ジャッキアップによって通行止め期間を短くすることができたということはありませんが、工事の平準化やヤード不足の解消にはつながっているので、大きなメリットがあることはまちがいありませんね」(大原さん)
しかし、ちょうど取材をした時期は10月~11月にかけての台風シーズン。大雨などの工事への影響はないのだろうか。
「台風が来ると風が強いのでクレーンが使えなくなりますが、ほかはそれほど大きな影響はありません。ただ、雨が困るというと最後の舗装工事ですね。そこはどうしても雨が降ったら延期せざるを得ないんです」(大原さん)
「最悪の場合はバーナーであぶって…」
というのも、舗装工事の前段として床版には防水工(雨水がしみこまないようにする加工)が施されるが、床版に水分が残っているとこの防水工がのちのち剥がれてしまうこともあるという。そのため、乾燥した状態を保った上で防水工事を行わなければならないのだ。
「ですから、いちど雨が降ると、降っている期間はもちろんですがその後もしばらく工事をストップしないといけません。もちろんそれでも交通規制は予定通り解除しないとダメ。
今のところそこまでギリギリになったことはないですが、最悪の場合はバーナーなどであぶって乾かしたり、仮舗装で対応する必要が出てくるかもしれません。とにかく大事なのは、予定通り規制を解除するということなんです。

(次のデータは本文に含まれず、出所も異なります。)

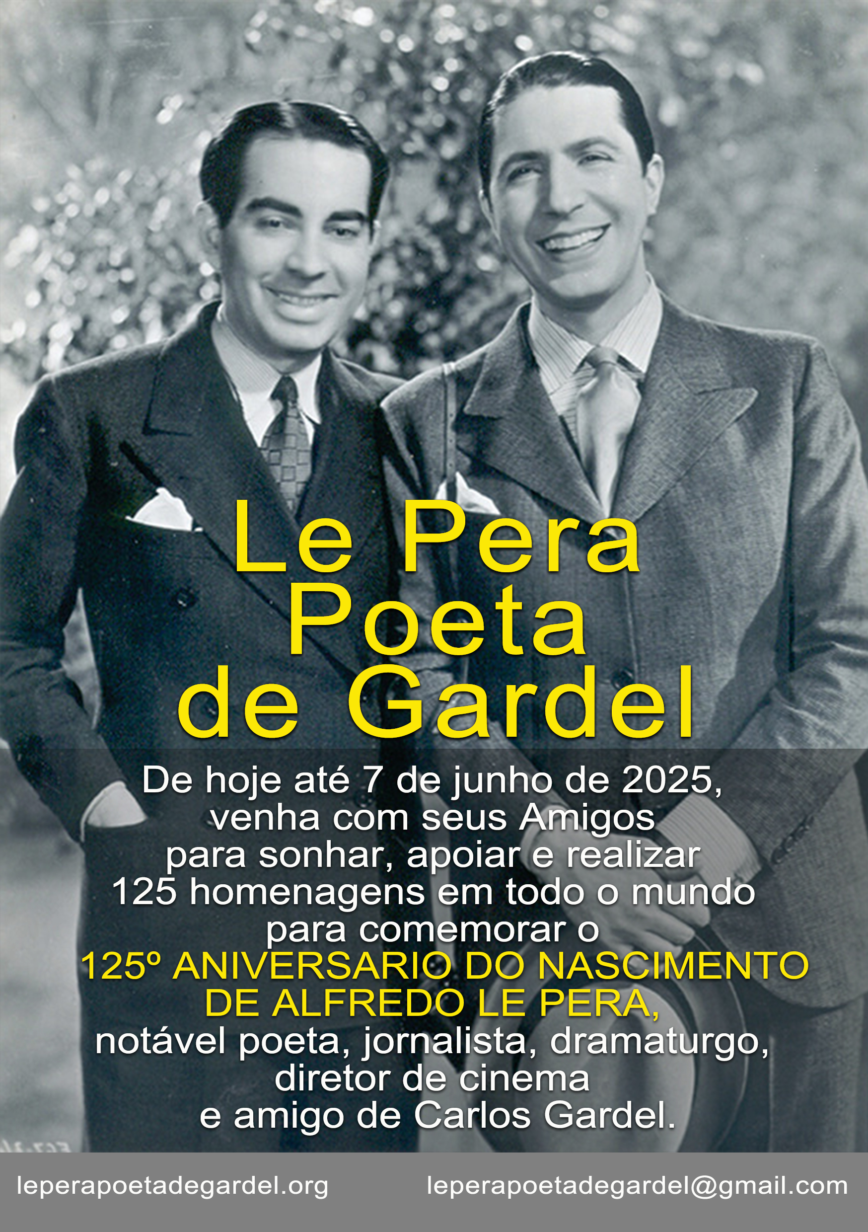 De hoje até 31 de dezembro de 2025, venha com seus Amigos para sonhar, apoiar e realizar 125 homenagens em todo o mundo para comemorar o 125º Aniversário do Nascimento de Alfredo Le Pera, notável poeta, jornalista, dramaturgo, diretor de cinema e amigo de Carlos Gardel.

ちなみに、規制を解除すると、最初の1台目は必ず警察のパトカー及びNEXCOの黄色のパトカーが来ます。安全確認……というよりはペースメーカーですね。規制解除時間があらかじめ発表されているので、直前から待っているクルマもちらほらいるんです。先頭を走っているからといって飛ばしすぎたら困りますから、最初はパトカーが先導するんですよ」(大原さん)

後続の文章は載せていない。